**Your instructions:** An exact transcription of all the records, free of pictures, is the expected answer.

Recorded data below:

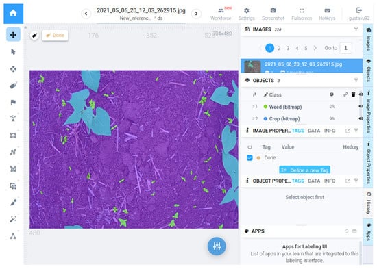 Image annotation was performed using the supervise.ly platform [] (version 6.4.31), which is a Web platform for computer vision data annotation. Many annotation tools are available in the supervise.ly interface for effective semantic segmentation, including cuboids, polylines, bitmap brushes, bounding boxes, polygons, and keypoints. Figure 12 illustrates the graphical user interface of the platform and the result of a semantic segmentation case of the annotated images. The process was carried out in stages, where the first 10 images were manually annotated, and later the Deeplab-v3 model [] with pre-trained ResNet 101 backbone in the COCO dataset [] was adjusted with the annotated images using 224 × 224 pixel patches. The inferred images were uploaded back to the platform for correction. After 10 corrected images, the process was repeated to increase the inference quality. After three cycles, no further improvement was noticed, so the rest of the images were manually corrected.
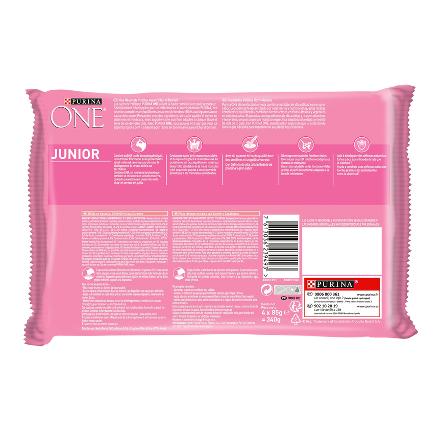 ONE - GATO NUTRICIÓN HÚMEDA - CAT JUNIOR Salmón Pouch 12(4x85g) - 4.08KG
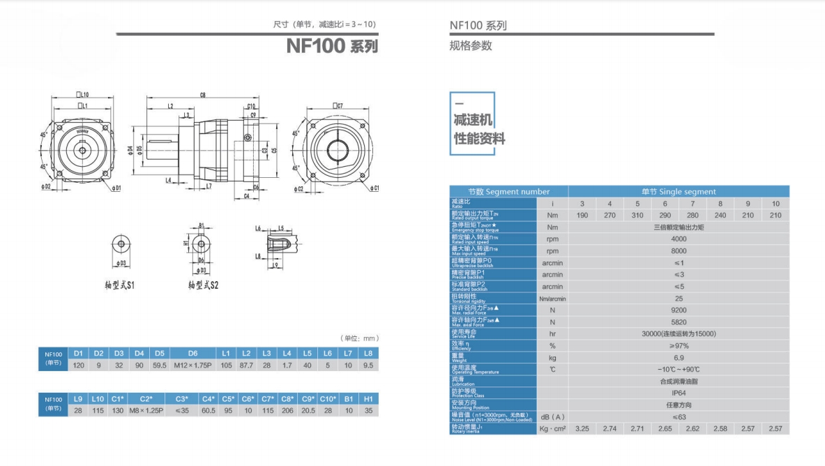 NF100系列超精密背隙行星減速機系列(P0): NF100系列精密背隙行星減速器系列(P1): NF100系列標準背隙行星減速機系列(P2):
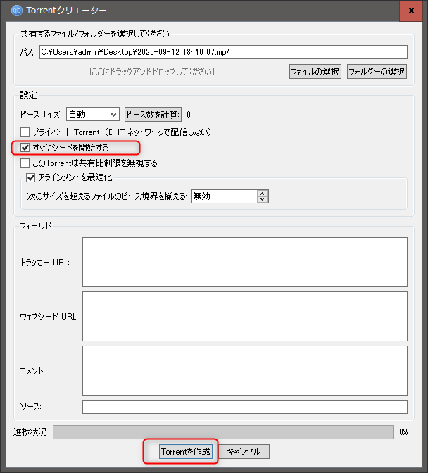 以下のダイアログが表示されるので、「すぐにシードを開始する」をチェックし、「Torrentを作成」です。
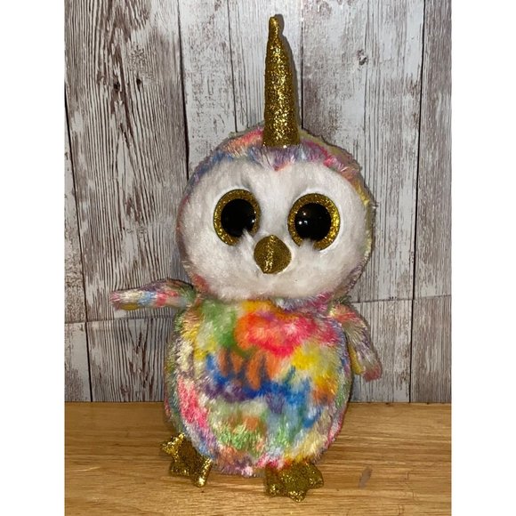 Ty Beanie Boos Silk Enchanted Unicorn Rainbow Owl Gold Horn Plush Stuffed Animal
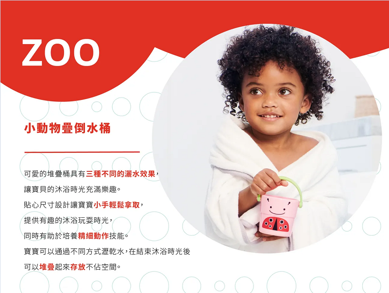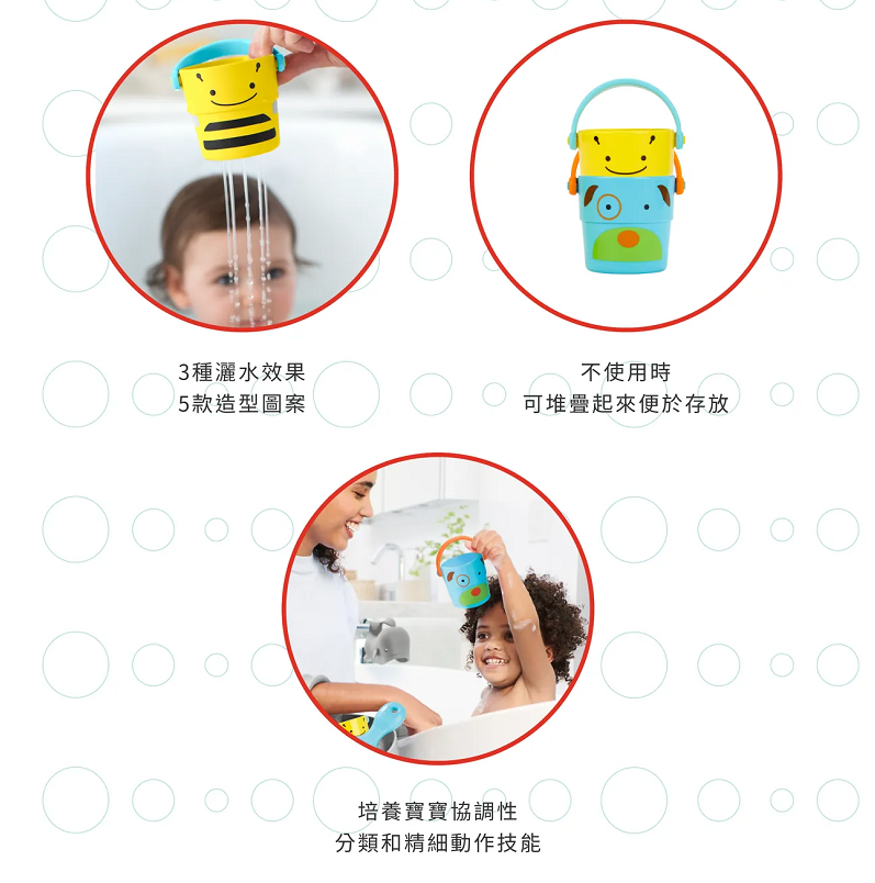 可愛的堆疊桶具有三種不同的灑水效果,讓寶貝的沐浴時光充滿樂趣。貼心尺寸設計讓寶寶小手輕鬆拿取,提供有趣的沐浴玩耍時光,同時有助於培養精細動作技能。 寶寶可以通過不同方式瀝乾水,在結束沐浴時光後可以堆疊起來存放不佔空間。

End of Recorded data.

**Response area:**
 Image annotation was performed using the supervise.ly platform [] (version 6.4.31), which is a Web platform for computer vision data annotation. Many annotation tools are available in the supervise.ly interface for effective semantic segmentation, including cuboids, polylines, bitmap brushes, bounding boxes, polygons, and keypoints. Figure 12 illustrates the graphical user interface of the platform and the result of a semantic segmentation case of the annotated images. The process was carried out in stages, where the first 10 images were manually annotated, and later the Deeplab-v3 model [] with pre-trained ResNet 101 backbone in the COCO dataset [] was adjusted with the annotated images using 224 × 224 pixel patches. The inferred images were uploaded back to the platform for correction. After 10 corrected images, the process was repeated to increase the inference quality. After three cycles, no further improvement was noticed, so the rest of the images were manually corrected.
 ONE - GATO NUTRICIÓN HÚMEDA - CAT JUNIOR Salmón Pouch 12(4x85g) - 4.08KG
 NF100系列超精密背隙行星減速機系列(P0): NF100系列精密背隙行星減速器系列(P1): NF100系列標準背隙行星減速機系列(P2):
 以下のダイアログが表示されるので、「すぐにシードを開始する」をチェックし、「Torrentを作成」です。
 Ty Beanie Boos Silk Enchanted Unicorn Rainbow Owl Gold Horn Plush Stuffed Animal
 可愛的堆疊桶具有三種不同的灑水效果,讓寶貝的沐浴時光充滿樂趣。貼心尺寸設計讓寶寶小手輕鬆拿取,提供有趣的沐浴玩耍時光,同時有助於培養精細動作技能。 寶寶可以通過不同方式瀝乾水,在結束沐浴時光後可以堆疊起來存放不佔空間。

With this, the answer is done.